Facts About Radiation from Airport Security Screening

What to know

When flying in the United States or elsewhere, we are subject to airport security screening. Airport security screening worldwide includes the use of body-scanning units. These units can release low levels of backscatter x-ray ionizing radiation and millimeter wave non-ionizing radiation. In the United States, body scanning units use millimeter wave technology.

Body scanners using millimeter wave technology are being used in United States airports.

Exposure

The Transportation Security Administration (TSA) uses body-scanning units in airports across the United States. These body-scanning units traditionally use millimeter-wave technology.

Millimeter-wave technology uses non-ionizing radiation in the form of low-level radio waves to scan a person's body. A millimeter-wave body scanner uses two antennas that rotate around a person's body. The scanner constructs a 3-D image that resembles a fuzzy photo negative.
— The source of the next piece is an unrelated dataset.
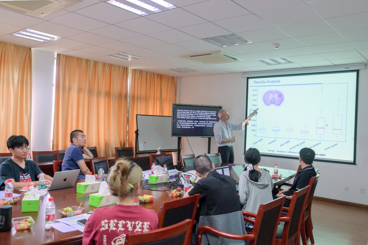 围绕脑力学领域,来自牛津大学、清华大学、bevictor伟德、南京大学医公司附属金陵医院神经外科的博士后、研究生就脑胶质母瘤的超声波力学疗、基质刚度影响下胶质瘤细胞行为、温度依赖的脑活细胞力学特性、超声波频率对细胞活力的影响、声波在真核细胞超结构中的传播、脑膨出的力学模型及风险评估、基于原子力的脑肿瘤力学性能在体测量、脑疝手术治疗的流固耦合力学模型、脑水肿的多孔粘弹性力学评估,力敏感通道的局域共振、人类颅骨的传声特性、脑水肿超声波无创治疗等作了等精彩的报告,并进行了深入的交流讨论。

The image is sent to a remote monitor.

Millimeter-wave technology does not use x-rays and does not add to a person's ionizing radiation dose.

Radiation exposure from airport security screening

The United States uses millimeter-wave technology in airport security scans. This form of technology uses low-energy non-ionizing radiation that releases thousands of times less energy than a cell phone.

The U.S. Food and Drug Administration (FDA) has federal authority to set standards for machines that produce radiation, including millimeter-wave security screening systems.